Listed entries.
================
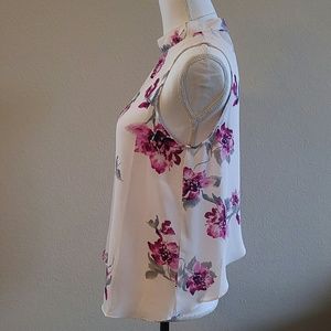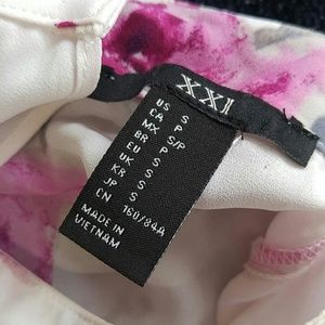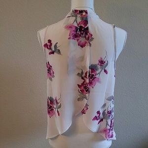 This blouse is beautiful. Open in the back. It buttons at the back of the neck. I wore this one time. It is in excellent condition. Sheer. Size S. From pit to pit it measures 18". Purple, mauve, navy blue and gray all on an ivory background.
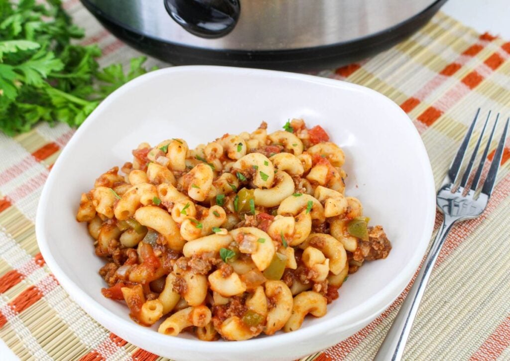 Ground beef, pasta, taco seasoning, and cheese cook together for a mash-up of two favorites. Itโs creamy, cheesy, and packed with flavor. The slow cooker makes it extra easy. Great for kids and quick meals.
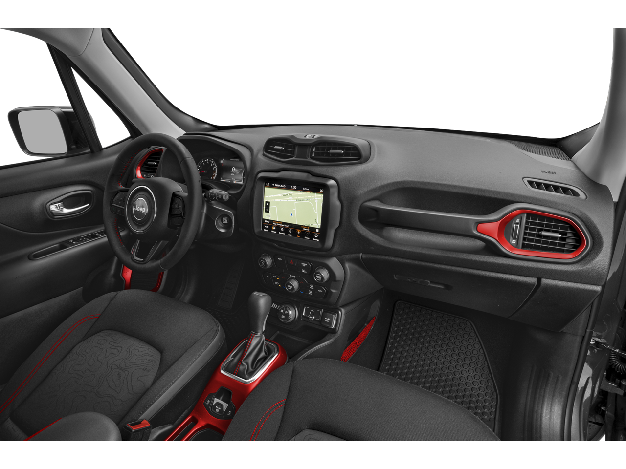 Navigation, Back-Up Camera, Satellite Radio, iPod/MP3 Input, Onboard Communications System, Aluminum Wheels, Remote Engine Start, Dual Zone A/C, Lane Keeping Assist, Cross-Traffic Alert, Blind Spot Monitor, WiFi Hotspot, Smart Device Integration. Jeep Trailhawk with Alpine White Clearcoat exterior and Black interior features a 4 Cylinder Engine with 177 HP at 5750 RPM*.
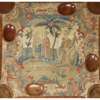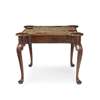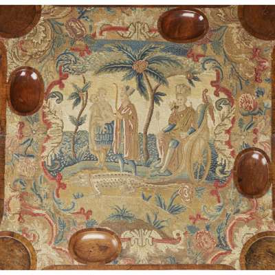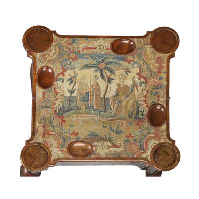 the shaped quarter-veneered folding top opening to a gros and petit point embroidered panel depicting a courtly scene, enclosed by candle stands and guinea wells, raised on cabriole legs with shell-carved knees, terminating in pad feet
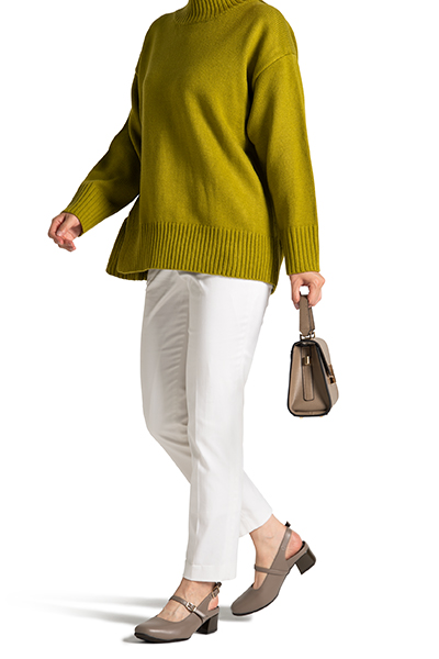 安定歩行のカギは体重の1.5倍もの衝撃がかかる一歩一歩を、ぶれたり捻れたりすることなく受け止めることにあります。足を支える面積が一般的なパンプスより広く、ヒールの幅も大きいため重心が安定します。
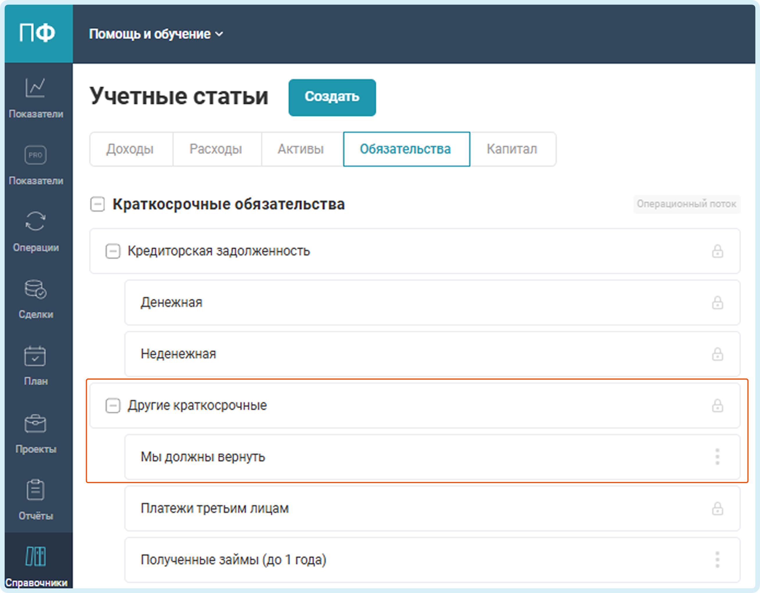 1. В разделе Справочники - Учетные статьи подготовим статью, по которой далее будут проведены операции для оформления возврата в программе. Для этого в разделе Обязательства - Другие краткосрочные создайте статью Мы должны вернуть.
================
Task objective. Output, exactly as written, only the lines from the beginning of the listing through the line containing "安定歩行のカギは体重の1.5", both included, and no pictures.

Response below.
 This blouse is beautiful. Open in the back. It buttons at the back of the neck. I wore this one time. It is in excellent condition. Sheer. Size S. From pit to pit it measures 18". Purple, mauve, navy blue and gray all on an ivory background.
 Ground beef, pasta, taco seasoning, and cheese cook together for a mash-up of two favorites. Itโs creamy, cheesy, and packed with flavor. The slow cooker makes it extra easy. Great for kids and quick meals.
 Navigation, Back-Up Camera, Satellite Radio, iPod/MP3 Input, Onboard Communications System, Aluminum Wheels, Remote Engine Start, Dual Zone A/C, Lane Keeping Assist, Cross-Traffic Alert, Blind Spot Monitor, WiFi Hotspot, Smart Device Integration. Jeep Trailhawk with Alpine White Clearcoat exterior and Black interior features a 4 Cylinder Engine with 177 HP at 5750 RPM*.
 the shaped quarter-veneered folding top opening to a gros and petit point embroidered panel depicting a courtly scene, enclosed by candle stands and guinea wells, raised on cabriole legs with shell-carved knees, terminating in pad feet
 安定歩行のカギは体重の1.5倍もの衝撃がかかる一歩一歩を、ぶれたり捻れたりすることなく受け止めることにあります。足を支える面積が一般的なパンプスより広く、ヒールの幅も大きいため重心が安定します。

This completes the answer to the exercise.